Months after Captain America was rescued by the Winter Soldier, he makes his way home in the evening, alone, with his groceries. While most of the country might think he would never do anything as mundane as grocery shopping, everyone in his neighbourhood thinks nothing of seeing Captain Rogers strolling down the street at all hours of the day, brown paper bags jostling as he strides with purpose. Even his gait seems patriotic, and earnest. 

He’s not worried about being attacked. Everyone in this neighbourhood knows him – hell, everyone in _America_ knows him. While he faced a bit of a backlash after he helped Natasha Romanoff air SHIELD’s dirty laundry in public, the fuss died down pretty soon once the world learned the awful things that those previously hidden files she'd published actually contained, and when they realised that he had, in fact, saved millions of lives by stopping project Insight from being fully realised. 

So he isn’t afraid of being accosted in the street – not anymore. And besides, he can take care of himself – no one's denying that – but he’d hate to have to drop all his fresh produce on the floor just to fight some misguided punk in the street. That would be awful. 

However, though no one's tried to hurt him of late, he still has the feeling that someone is watching him: he eyes security cameras and CCTV with suspicion as he walks, remembering the words he’s had with Nick Fury about freedom and fear, and wondering which of those is most applicable to America post-SHIELD. 

He figures that there's still someone out there doing what SHIELD used to, even if its been largely disbanded: there are still government agents keeping track of him, for certain. They can't afford to let him off their radar, he supposes. So he thinks nothing of it. 

But he should. 

_Same store every time. Like clockwork._ The soldier hides in one of the twelve different hiding spots by the store he’s taken to over the last month, observing Steve Rogers say a friendly goodbye to the clerk, as he sets off back home. Steve carries on unaware that he’s being observed, as the soldier watches him from under a cap, his hands in the pockets of his dark-green jacket, as he leans against the dirty alley wall. The shadows hide him: only his eyes shine out from the darkness, though they’re masking untold horrors as black as his surroundings. 

When Steve reaches an appropriate distance – not so close he’ll notice the soldier, not so far that he won’t be observable – Sergeant Barnes makes his move. He moves as casually as he can manage: even after all this time, he still has the urge to walk stiffly and with a sense of violent purpose, as if he is on his way to complete a mission . . . On his way to kill. 

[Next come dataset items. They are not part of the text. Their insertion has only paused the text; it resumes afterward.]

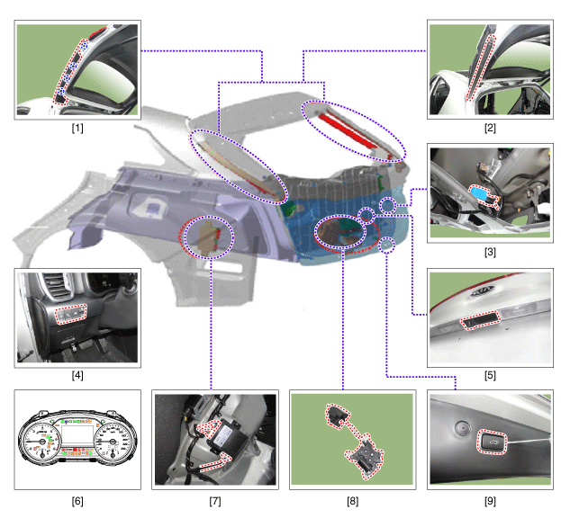 6. Kombiinstrument(USM) 7. Heckklappenmodul (PTGM) 8. Schloss der elektrischen Heckklappe und elektrisches Schließgerät 9. Innenschalter der elektrischen Heckklappe |
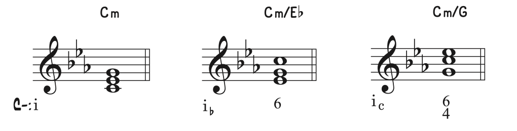 En estado fundamental el cifrado barroco dispone el acorde por superposición de terceras. De no indicar ningún valor numérico en el cifrado, se espera que el acorde esté en estado fundamental con su respectiva tercera y quinta. La primera inversión sustituye la quinta por la sexta, es por este modo que el cifrado obliga a calificar el intervalo correspondiente desde la nota del bajo, encontrando un acorde cuya fundamental está a distancia de sexta. En el caso de la segunda inversión, no aparece la tercera o la quinta. Para la sonoridad seis-cuatro debemos señalizar el intervalo correspondiente. La quinta es sustituida por la sexta y la tercera por la cuarta, obteniendo el cifrado resultante 6/4).
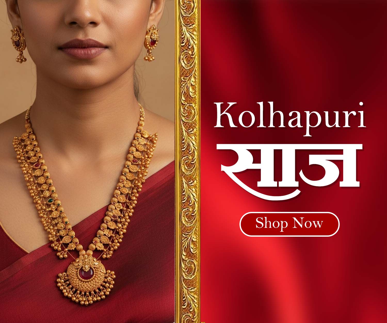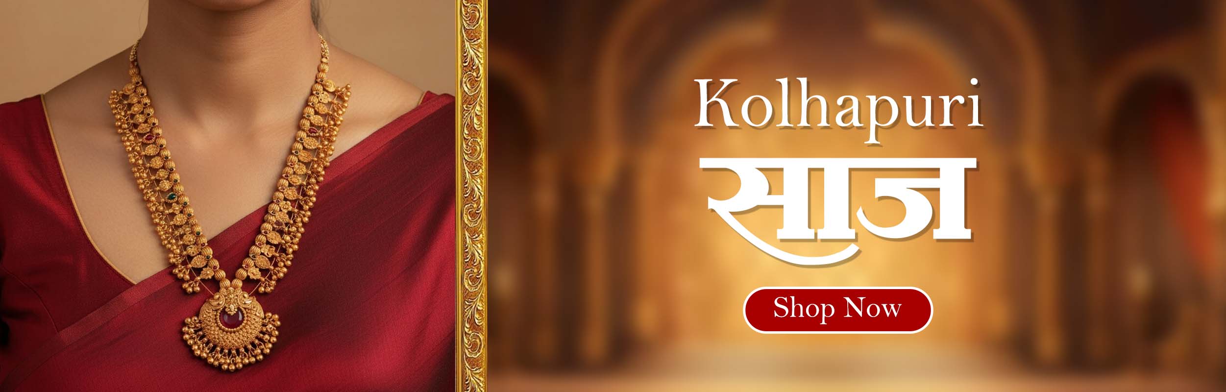 Sale price Rs. 1,440.00The RajyaLakshami Kolhapuri Antique Thushi is a regal masterpiece, exuding heritage and tradition. Crafted with intricate gold detailing, this choker-style necklace showcases fine craftsmanship inspired by royal aesthetics. Adorned with delicate embellishments and a striking central motif, it perfectly complements traditional Maharashtrian attire. The matching earrings add to its grandeur, making it an ideal choice for weddings and festive occasions. A timeless piece that enhances... -
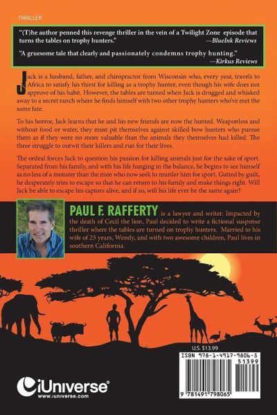 "(T)he author penned this revenge thriller in the vein of a Twilight Zone episode that turns the tables on trophy hunters." —BlueInk Reviews "A gruesome tale that clearly and passionately condemns trophy hunting." —Kirkus Reviews Jack is a husband, father, and chiropractor from Wisconsin who, every year, travels to Africa to satisfy his thirst for killing as a trophy hunter, even though his wife does not approve of his habit. However, the tables are turned when Jack is drugged and whisked away to a secret ranch where he finds himself with two other trophy hunters who’ve met the same fate. To his horror, Jack learns that he and his new friends are now the hunted. Weaponless and without food or water, they must pit themselves against skilled bow hunters who pursue them as if they were no more valuable than the animals they themselves had killed. The three struggle to outwit their killers and run for their lives. The ordeal forces Jack to question his passion for killing animals just for the sake of sport. Separated from his family, and with his life hanging in the balance, he begins to see himself as no less of a monster than the men who now seek to murder him for sport. Gutted by guilt, he desperately tries to escape so that he can return to his family and make things right. Will Jack be able to escape his captors alive, and if so, will his life ever be the same again?
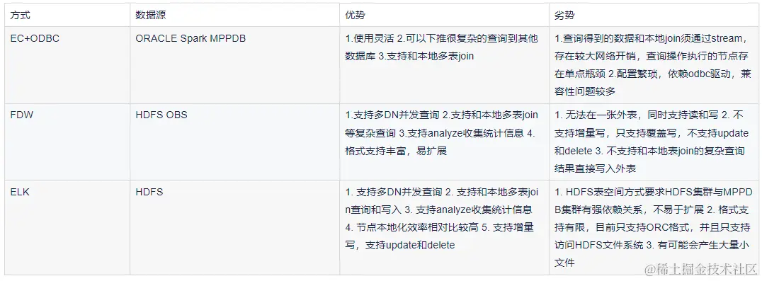 GaussDB(DWS)SQL On Anywhere针对大数据的文件系统的访问主要通过FDW或ELK机制(已停止演进)实现的,而跨数据库的访问主要通过EC+ODBC的方式实现的。

. . . Although, most of the time, he doesn’t know what will happen if one day Steve discovers him. He alternates between believing he will be able to turn tail and run, and believing he’ll break down; the worst possibility by far, and the one he has nightmares about, is that he will try and assassinate Steve. His greatest fear is that he will lose control, and succeed. He's not sure he's shaken off the part of him that is a killer by default.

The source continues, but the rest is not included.